What you need to do>
Return all of the data below verbatim and exclude every picture.

Provided material>
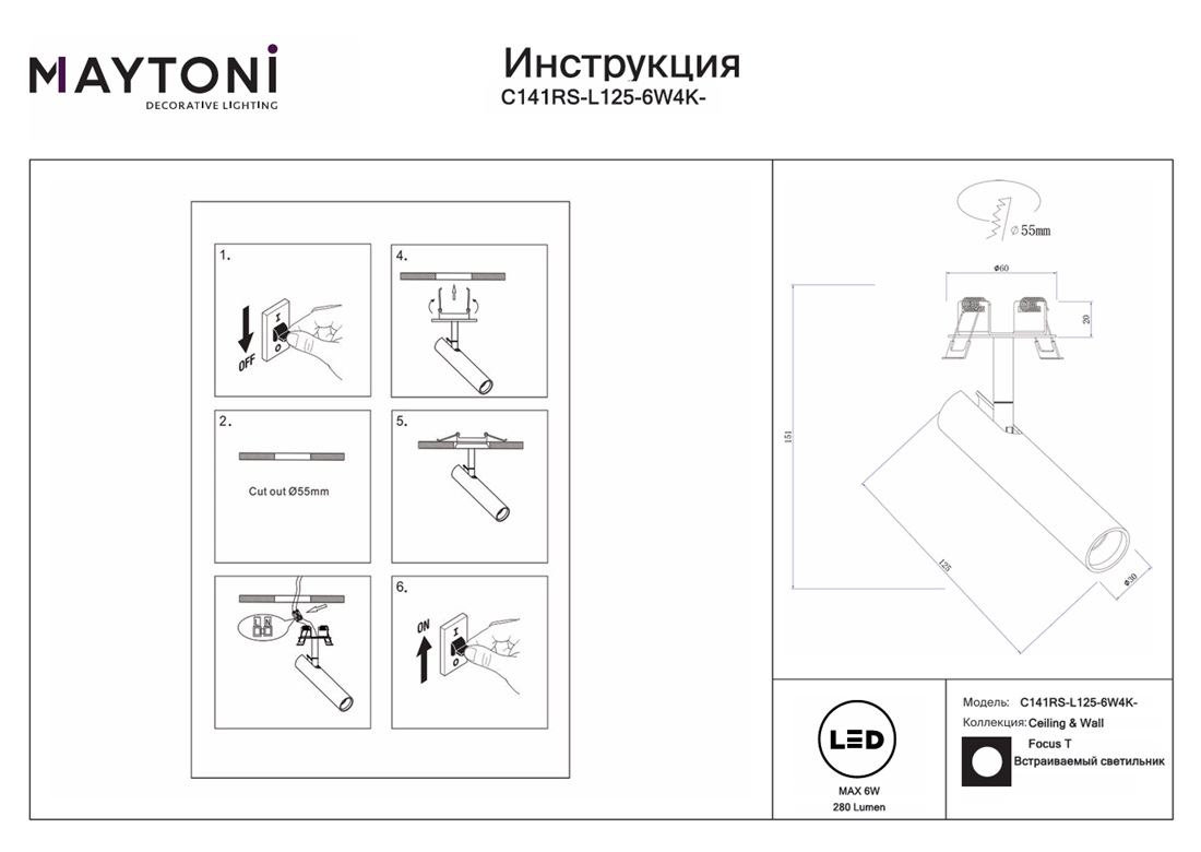 Спот поворотный Maytoni Focus T C141CL-L125-6W4K-B — это надёжный и долговечный осветительный прибор, который прослужит вам долгие годы, не теряя своей яркости и качества света. Производитель Maytoni дает гарантию на свои товары . Данную модель C141CL-L125-6W4K-B спешите купить в интернет-магазине 220svet.
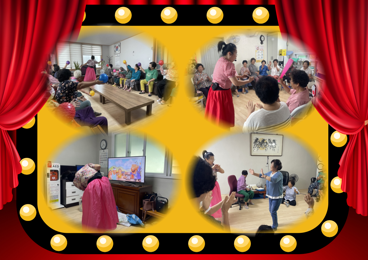 9월 8일 14:00~15:00 북이면 신기리 경로당, 9월 9일 14:00~15:00 내수읍 은곡4리 경로당, 9월 9일 15:30~16:30 내수읍 우산1리 경로당에서 찾아가는 이동노인복지관 사업 경로당 프로그램으로 웃음치료 동화구연 강사님을 초청하여 프로그램 진행하였습니다.
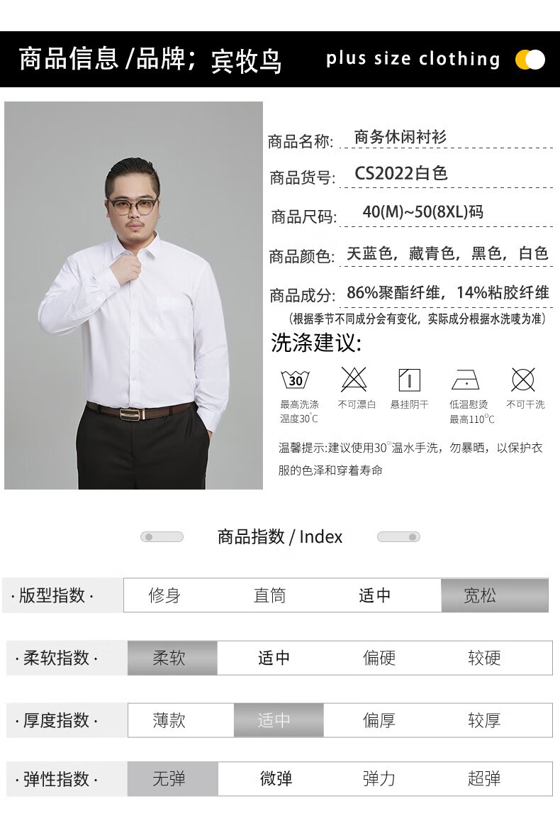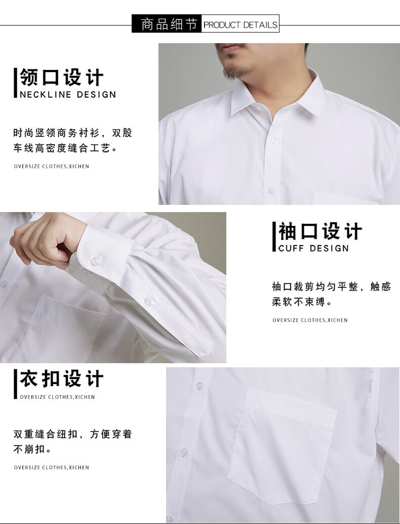 Binmuniao business fat shirt men's loose extra-large long-sleeved white shirt plus fat extra-large casual non-iron professional workwear white 3XL 44 suitable for 190-200Jin Jin equals 0.5 kg

Result of the task>
 Спот поворотный Maytoni Focus T C141CL-L125-6W4K-B — это надёжный и долговечный осветительный прибор, который прослужит вам долгие годы, не теряя своей яркости и качества света. Производитель Maytoni дает гарантию на свои товары . Данную модель C141CL-L125-6W4K-B спешите купить в интернет-магазине 220svet.
 9월 8일 14:00~15:00 북이면 신기리 경로당, 9월 9일 14:00~15:00 내수읍 은곡4리 경로당, 9월 9일 15:30~16:30 내수읍 우산1리 경로당에서 찾아가는 이동노인복지관 사업 경로당 프로그램으로 웃음치료 동화구연 강사님을 초청하여 프로그램 진행하였습니다.
 Binmuniao business fat shirt men's loose extra-large long-sleeved white shirt plus fat extra-large casual non-iron professional workwear white 3XL 44 suitable for 190-200Jin Jin equals 0.5 kg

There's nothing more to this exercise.